[Entries taken from a collection]
--------------------

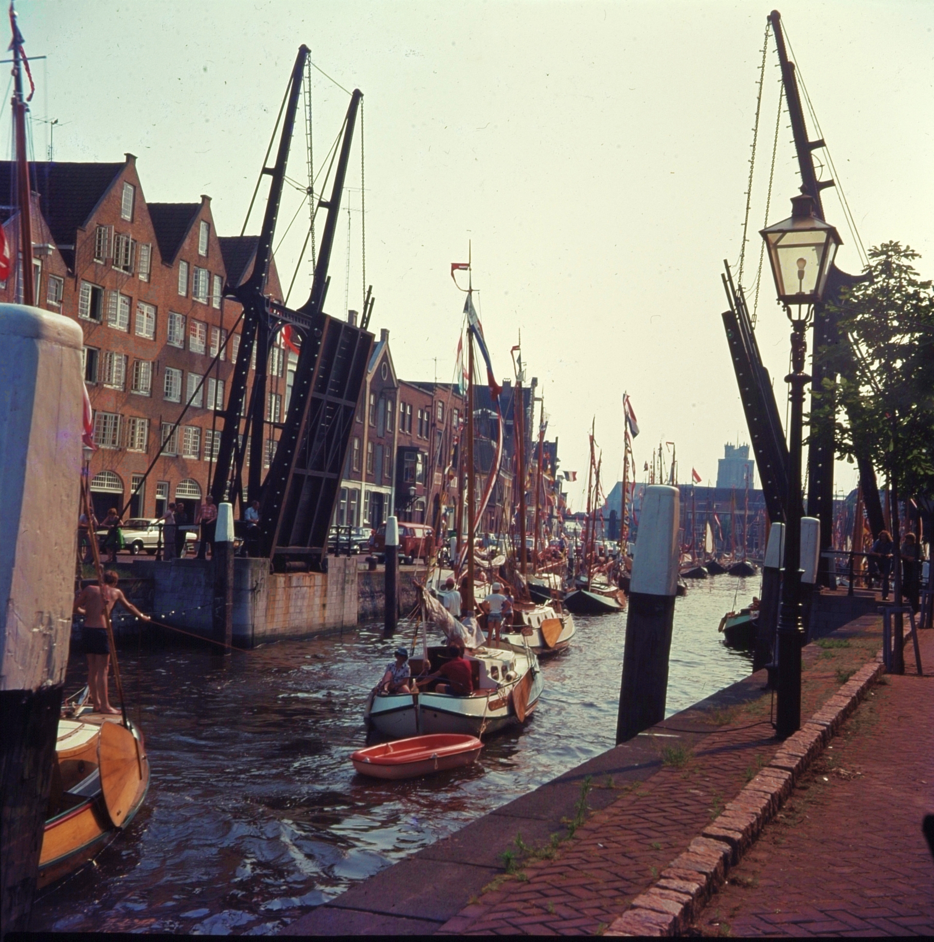 - Pleziervaart in de Wolwevershaven. De Damiatebrug staat open, links de drie bijna identieke pakhuizen aan de Kuipershaven; op de achtergrond de Grote Kerk.
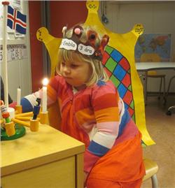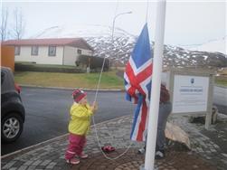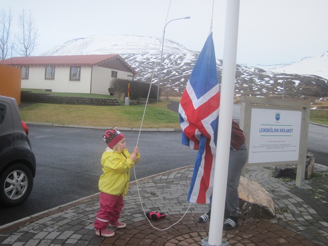Auður Embla málaði á kórónuna sína og við flögguðum íslenska fánanum henni til heiðurs.
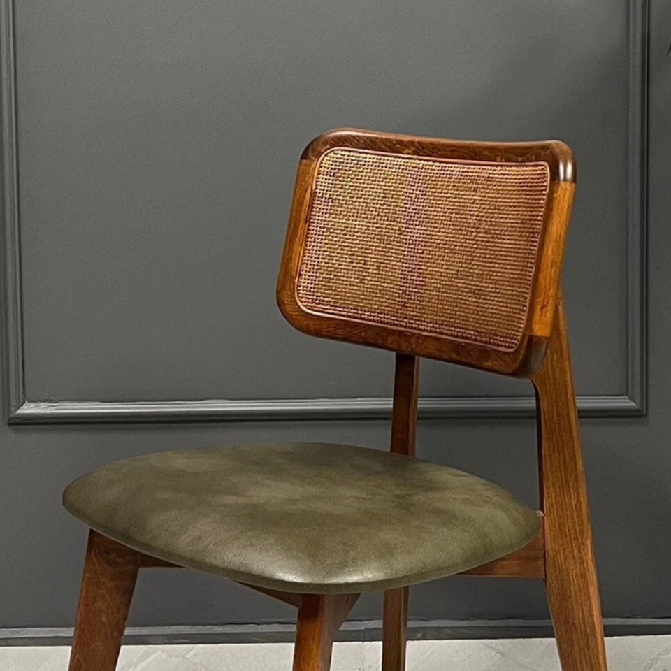 เก้าอี้รับประทานอาหารไม้วอลนัททันสมัยกลางศตวรรษเก้าอี้หวายหุ้มเบาะหนังเทียมสำหรับห้องนั่งเล่นห้องนอนโรงแรม
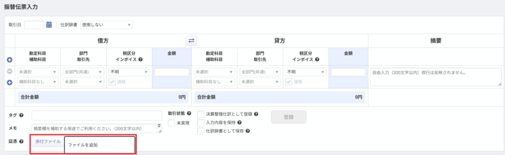 - 伝票入力の際に、「添付ファイル」をクリックし、「ファイルを追加」を開く。
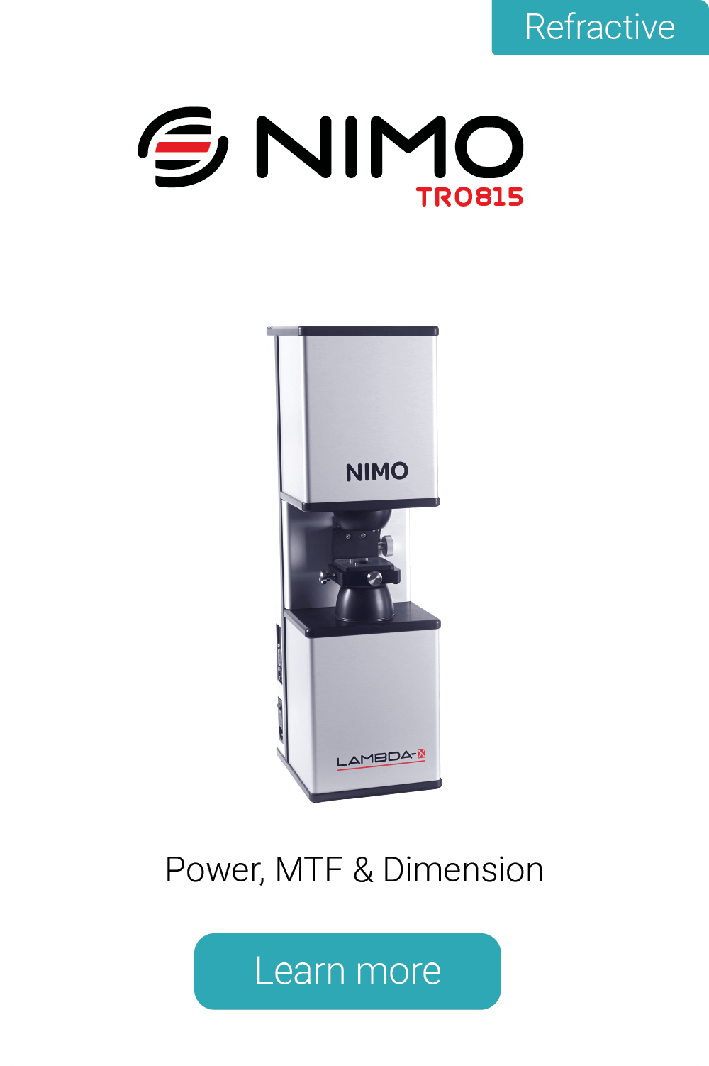 We chose Lambda-X’s NIMO technology for its superior accuracy and best R&R ratio, even with new operators. NIMO instruments deliver high throughput, quick ROI, and consistent performance across all IOL designs, making them a key asset for our operation.

--------------------

Reproduce the lines from the line with "Auður Embla málaði" through the last line of the entries exactly, including both ends and excluding pictures.

▶ [RESPONSE BOX]:
Auður Embla málaði á kórónuna sína og við flögguðum íslenska fánanum henni til heiðurs.
 เก้าอี้รับประทานอาหารไม้วอลนัททันสมัยกลางศตวรรษเก้าอี้หวายหุ้มเบาะหนังเทียมสำหรับห้องนั่งเล่นห้องนอนโรงแรม
 - 伝票入力の際に、「添付ファイル」をクリックし、「ファイルを追加」を開く。
 We chose Lambda-X’s NIMO technology for its superior accuracy and best R&R ratio, even with new operators. NIMO instruments deliver high throughput, quick ROI, and consistent performance across all IOL designs, making them a key asset for our operation.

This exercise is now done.